Saturday night, and time to hit the town. Cliff, Pax, and the trio headed to the Christmas gig at Untamed.

The trio bickered in the back seat of Cliff’s car. Correction, Luca and Henry bickered, while Bianca hummed and nodded, taking in both boys’ point of view.

Pax darted glances at Cliff and chewed on his lip. It felt different heading out with the guys tonight. This time there was no need to distract Cliff but . . . he wanted Cliff distracted by him.

Nothing physical was at stake. He’d gotten his band the gig; Henry seemed happy. Pax was playing with Serenity Free once more.

Yet.

He bit his lip again. When Cliff glanced over, Pax smoothly snapped down the visor to check himself out.

Hair swept up stylishly. Freckle darkened with a smidge of eyeliner. Lips gnawed to death.

He peeked at Cliff calmly driving them toward the night of his dreams. Black button-up shirt, jeans, and brown leather shoes that complemented his tortoiseshell glasses.

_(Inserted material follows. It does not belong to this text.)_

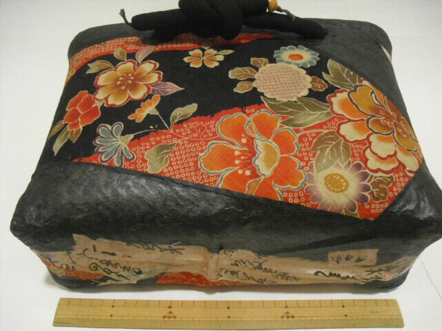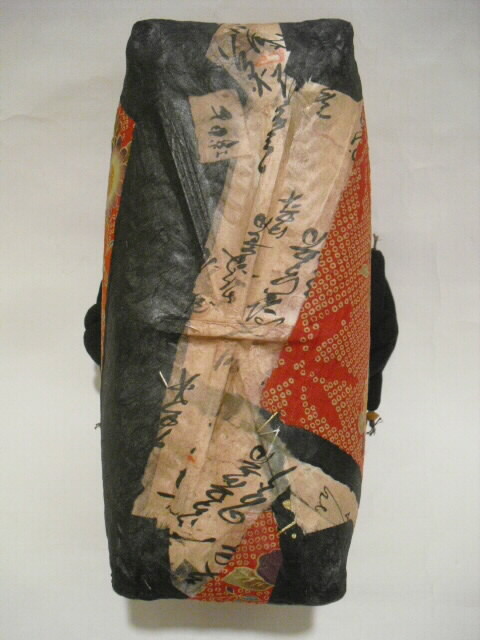 こちらの作品は和紙と着物地を貼り合わせて作っています。

Cliff flicked his blinker on and turned onto the main street. “How long will we pretend you weren’t up to something earlier?”

Pax hummed thoughtfully as he snapped the visor into place. “I’m thinking a long time. So long, I’ll never need to tell you that Bianca was sneaking into your room on my orders.”

Cliff changed gears. “Find anything interesting?”

“Nope.” Pax fiddled with his seat belt, his heart unusually erratic. Untamed beamed ahead in bright neon colors.

“What did you find that has you so agitated?”

“Your stash of porn.”

Cliff rubbed his hands over the steering wheel. “I don’t have porn.”

“Which is exactly why I’m agitated. It’s dismaying and needs immediate remedying.”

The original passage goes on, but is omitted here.